Peter Fioretti, a real estate entrepreneur and member of R360, a membership club for people worth at least $100 million, is passionate about longevity. Six years ago, he went to more than 10 doctors to get a thorough assessment of his cardiac health and a diagnosis of an arterial blockage. Now the 64-year-old, thanks to diet, exercise, and supplements, has a "cardiac age" of 47, he told Business Insider last March.
But the anti-aging enthusiast is cautious about investing, having made a few bets in stem cell research and another on an app that monitors a user's workouts and health and provides advice from a nutritionist. Fioretti's club, R360, does not advise on investments but it does have an in-house due diligence team that conducts background checks, verifies marketing pitches, and other tasks.
"It's challenging to assess," he said of biotech opportunities. "They're very unpredictable.

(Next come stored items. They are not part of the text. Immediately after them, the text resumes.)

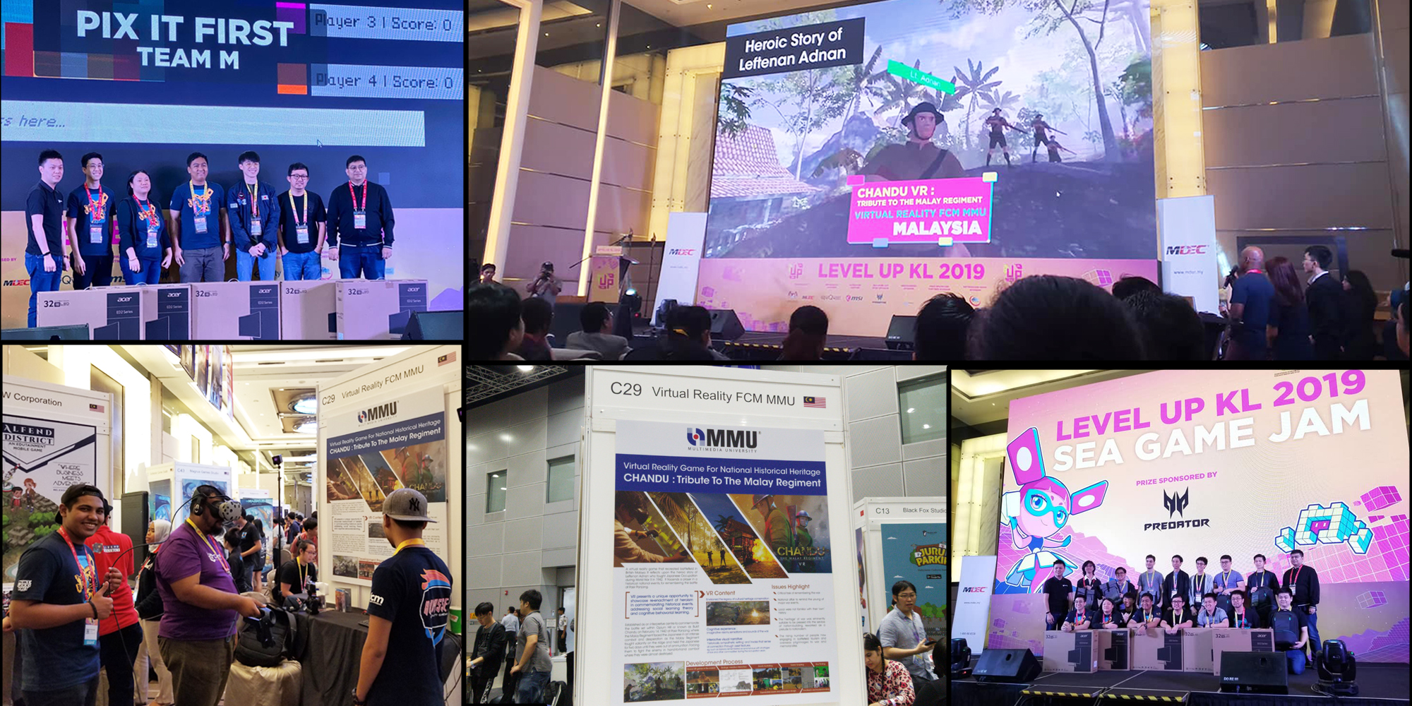 Fikri Suhaimi, our Virtual Reality student from the Faculty of Creative Multimedia (FCM) and his team members were announced as the grand prize winner at South East Asia (SEA) Game Jam Level Up 2019 in Kuala Lumpur recently. Organised by Level Up, the Malaysia Digital Economy Corporation (MDEC), the event gathered game developers from all over the SEA region to create games in a collaborative environment based on a theme within a 36-hour game jam. Fikri and his team members namely Alex Ong (Unity Developer), Nic Chin (Designer), Stevannus (KDU) and Felix Leong (Magnus Studio) received a 32 inch Acer Predator Monitor during the prize-giving ceremony.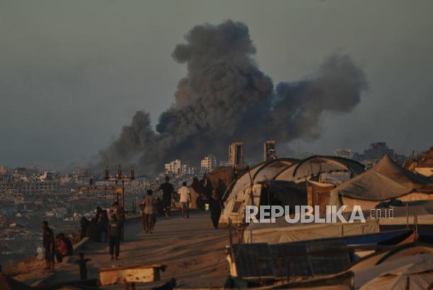 Asap mengepul menyusul serangan militer Israel di Kota Gaza, terlihat dari tengah Jalur Gaza, Rabu, 1 Oktober 2025. – ( AP Photo/Abdel Kareem Hana)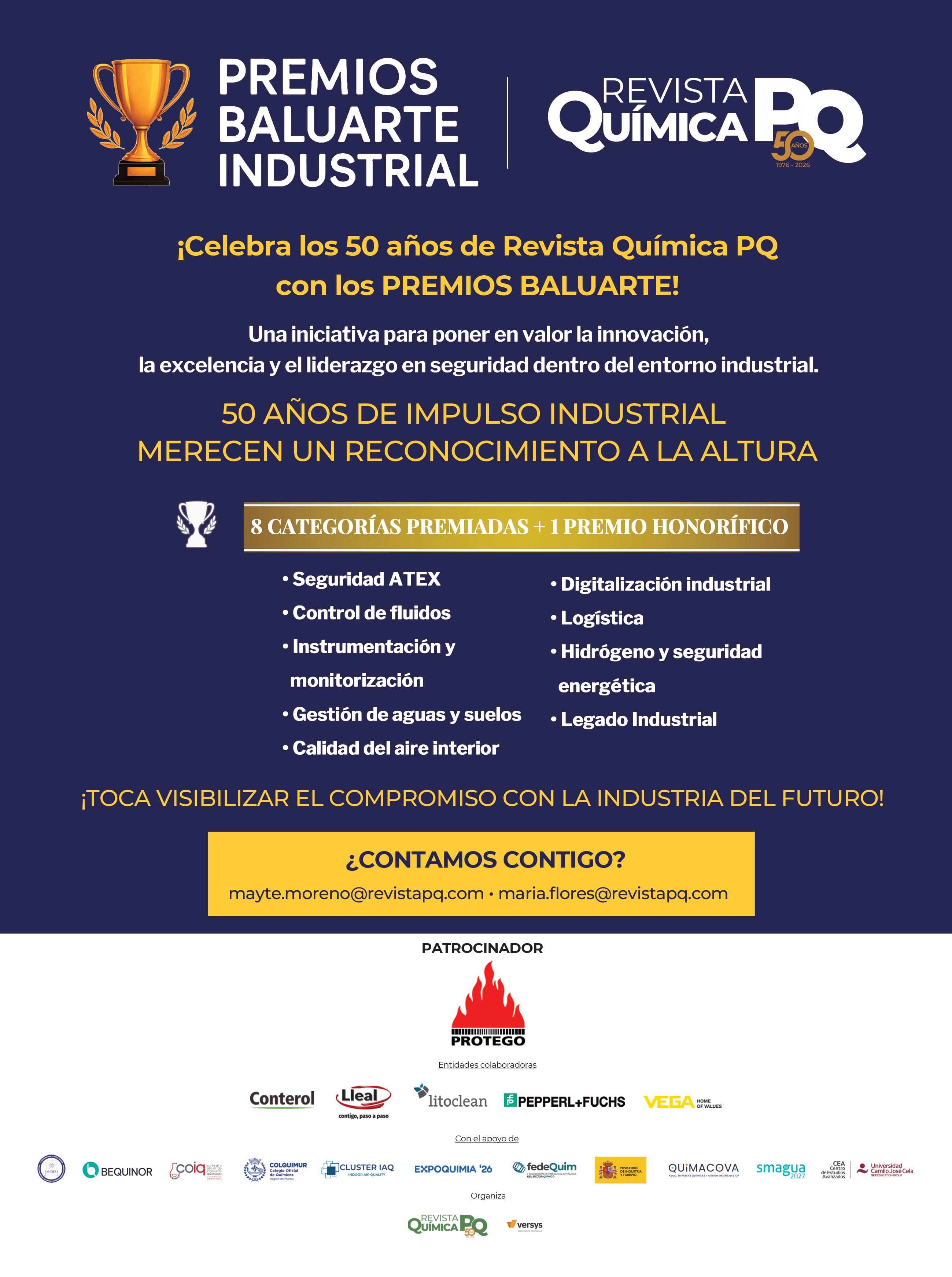 Desde Revista Química PQ agradecemos el apoyo recibido y reafirmamos nuestro compromiso con la seguridad como valor esencial. Con PROTEGO como patrocinador, el respaldo de LLEAL, CONTEROL, LITOCLEAN, VEGA y PEPPERL+FUCHS, y la implicación de asociaciones e instituciones como QUIMACOVA, FedeQuim, ANQUE, BEQUINOR, COIQ, COLQUIMUR, CLÚSTER IAQ, SMAGUA y el Ministerio de Industria y Turismo, los Premios Baluarte Industrial están llamados a convertirse en un referente duradero. Confiamos en que esta primera edición sea el inicio de un camino compartido.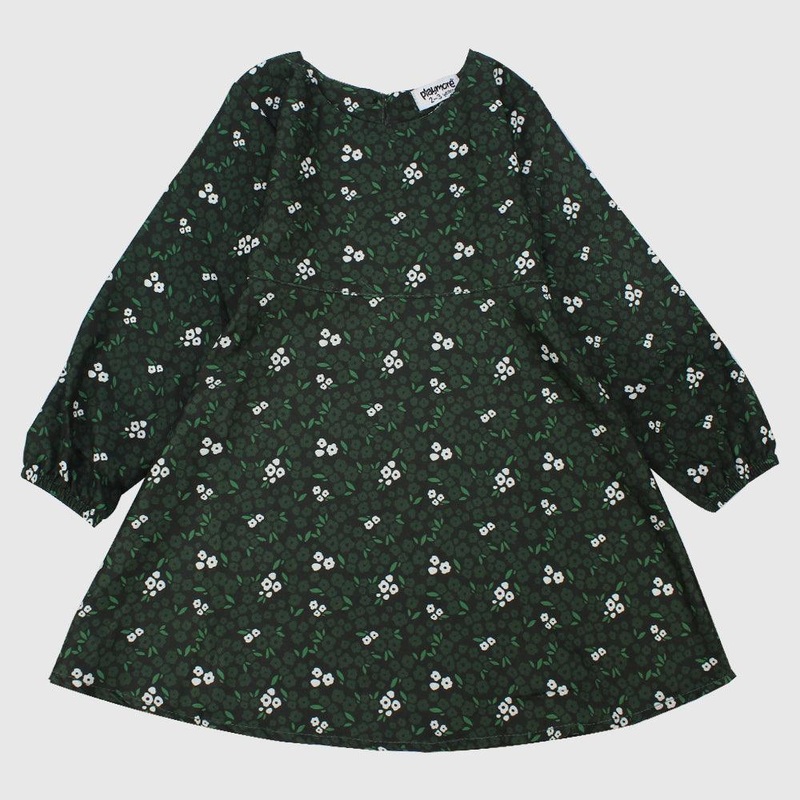 Long-Sleeved Green Flowers Dress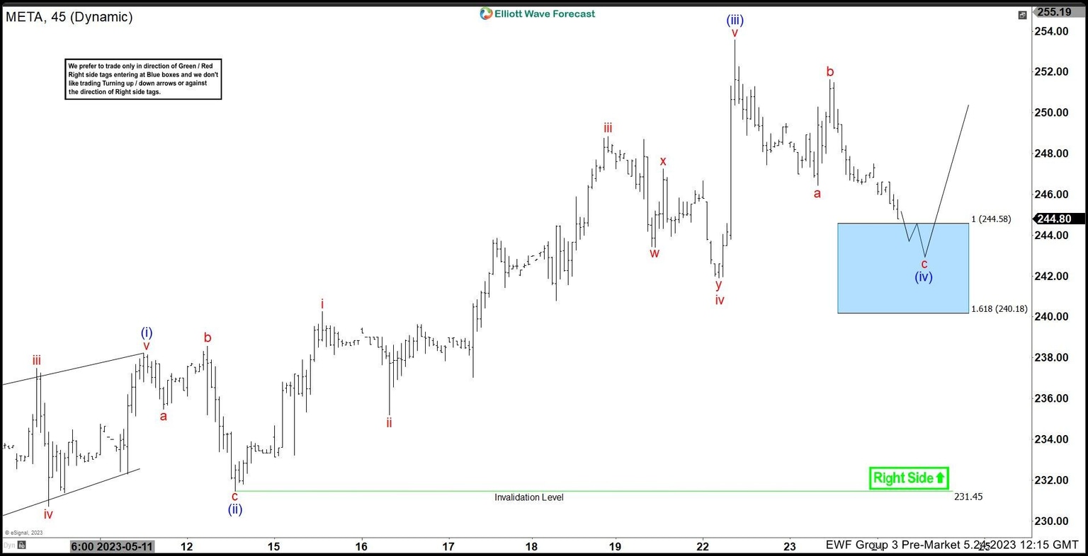 In this article we will analyze our forecast for META in the short term cycle. Since the short term peak of META from 05.22.2023 to end wave (iii) we have been expecting a pullback within wave (iv) to take place. Here at Elliott Wave Forecast we have in place a system that allows us to measure an area in which we can expect a react to take place.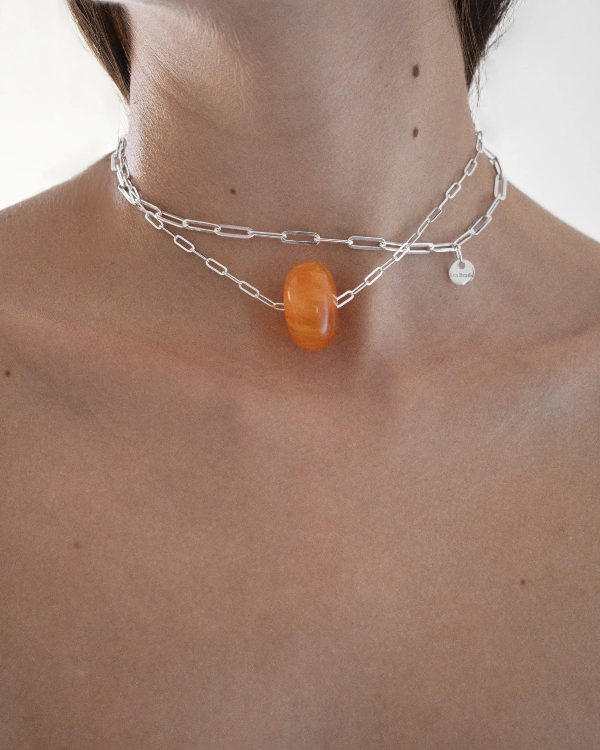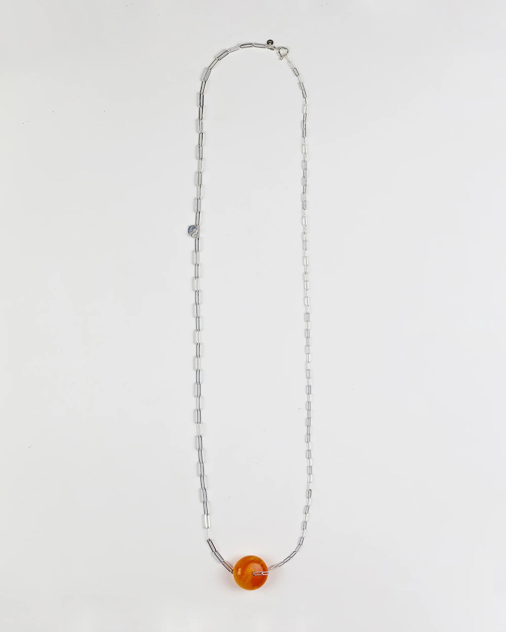 Sterling Silver Double Chain Necklace with Amber Bead, featuring a single Amber bead sterling silver hardware and chains.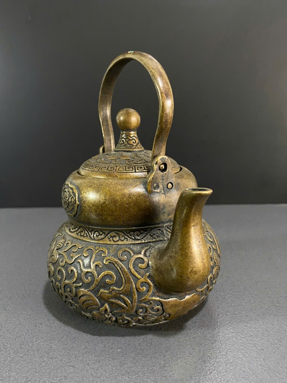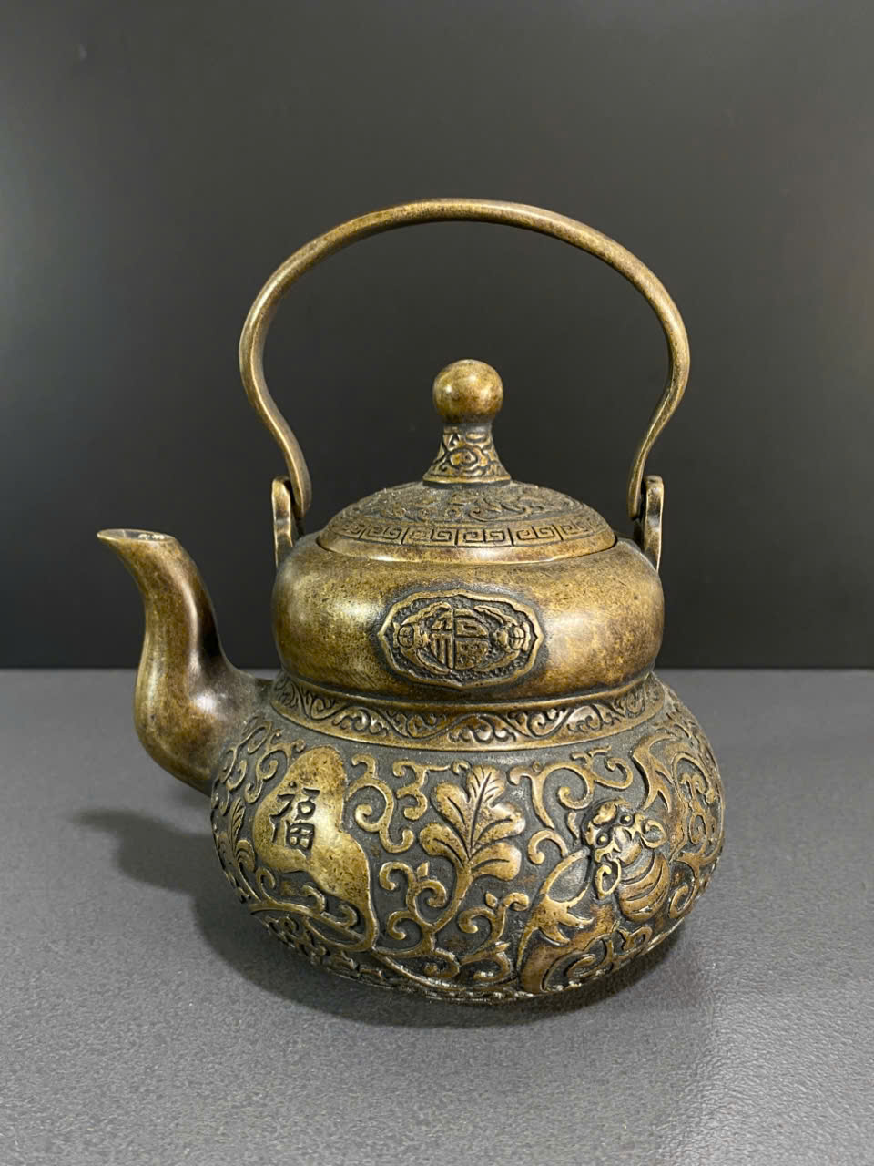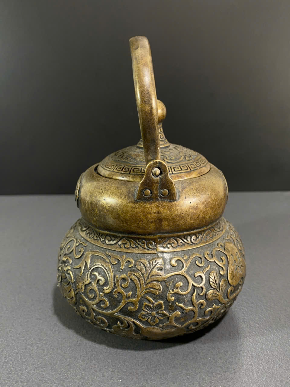 ẤM ĐỒNG HỒ LÔ 👉trạm hoa văn Phú quý 👉 tích nổi chữ phúc. Đẹp lạ. G/êm ạ

The capital needed is hard to determine, and regulatory roadblocks usually create big negative surprises."
How the rich incorporate these investments in their lives
Zurich-based Genovese's goals are simple: to feel good and age well.
"When you start a new business at 60 with a partner that is half your age, you need to keep fit and think straight for another couple of years," she said. "Aging gracefully as a woman is even more of an issue than a man because we cannot come to the office and not look good or run businesses not looking in shape."
For six years, she has followed a regimen of exercise and supplements meant to reduce inflammation, which is tied to age-related diseases. The fund for her multifamily office clients includes an anti-inflammatory drug in its portfolio.
Eric Becker, cofounder of wealth manager Cresset, and his two sons founded a family office and picked Blue Zone Foods as its first investment. The prepared-food startup uses recipes from so-called "blue zones" known for long-lived people. The firm, Becker Venture Partners, has also invested in Newpath Partners, a life sciences fund that counts Becker's physician, Dr. Dan Yadegar, as a founder.
For Becker, whose daughter died of leukemia at 21, and his family, longevity is not an abstract topic.
"My philosophy is no regrets and to minimize regret," he said. "We just do the things that we can that are healthy and productive and do our best."
Becker and his wife, sons, and their wives are members of The Human Longevity Institute's "100+ Experience," a concierge medicine program that involves extensive testing to predict the future risk of age-related disease.
He has picked up tips on how to live better, particularly on portion control and sleep. But his favorite bit of advice comes from his mother's boyfriend, who recently turned 100: have a glass of Johnny Walker every day at 6 p.m.
'It's the easiest one to comply with," he quipped.